(DATA SECTION)
····················

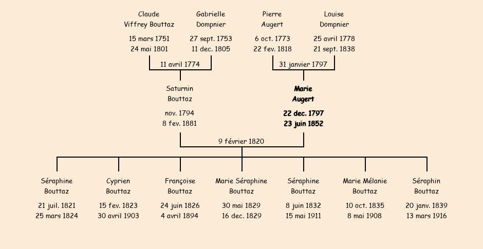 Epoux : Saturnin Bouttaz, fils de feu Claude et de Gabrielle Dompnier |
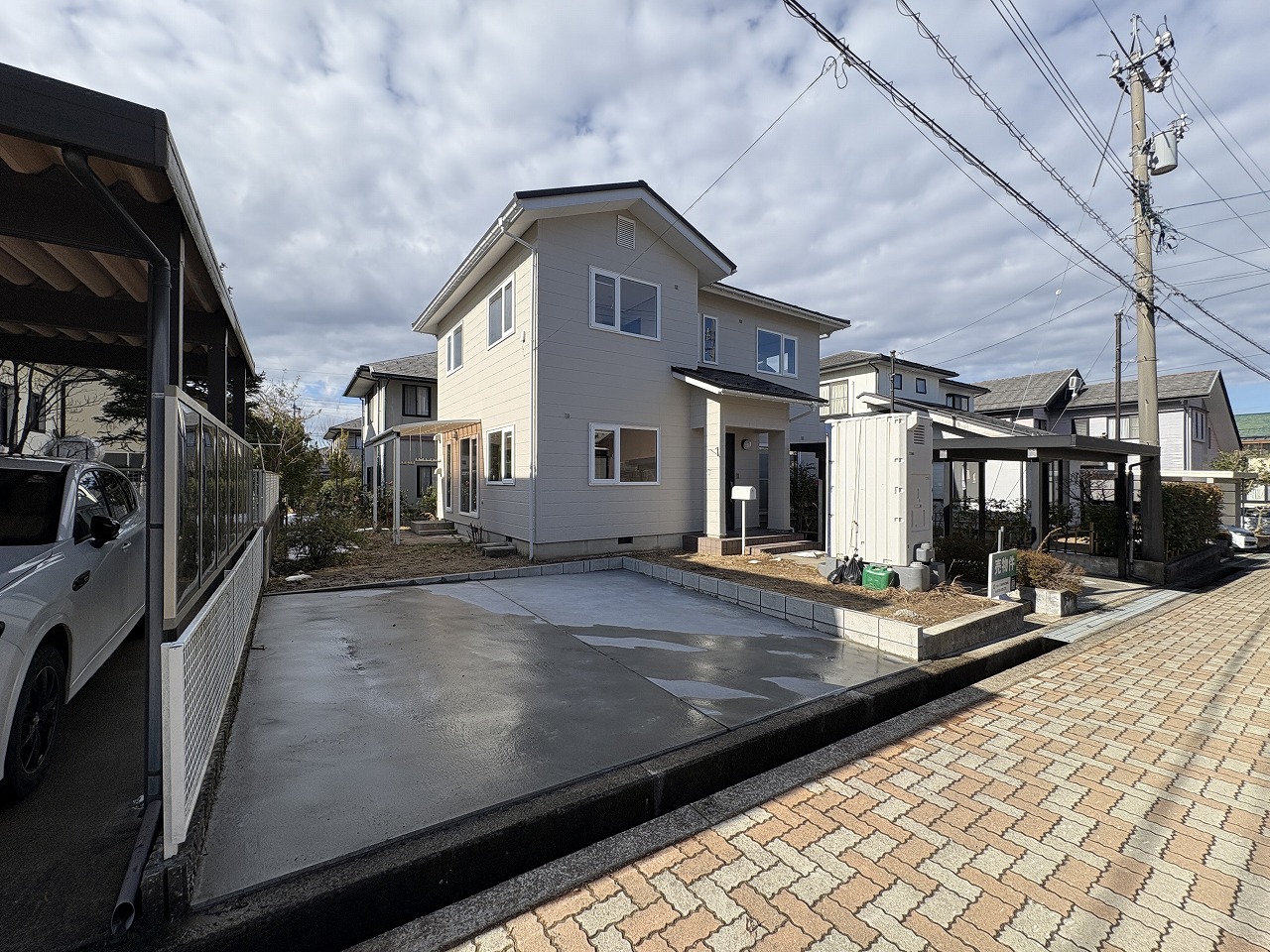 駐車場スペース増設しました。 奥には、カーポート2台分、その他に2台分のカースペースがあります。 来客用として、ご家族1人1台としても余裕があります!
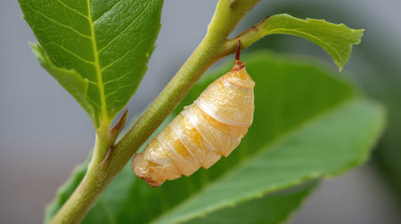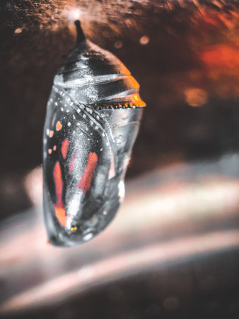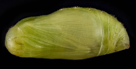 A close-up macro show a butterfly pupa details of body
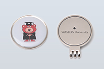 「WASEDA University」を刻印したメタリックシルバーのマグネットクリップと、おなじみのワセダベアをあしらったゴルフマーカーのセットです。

····················

(TASK PROMPT) Would you restate, word for word, the lines from the one holding "A close-up macro" through the end of the material above? Omit the pictures.

(EXERCISE OUTPUT)
 A close-up macro show a butterfly pupa details of body
 「WASEDA University」を刻印したメタリックシルバーのマグネットクリップと、おなじみのワセダベアをあしらったゴルフマーカーのセットです。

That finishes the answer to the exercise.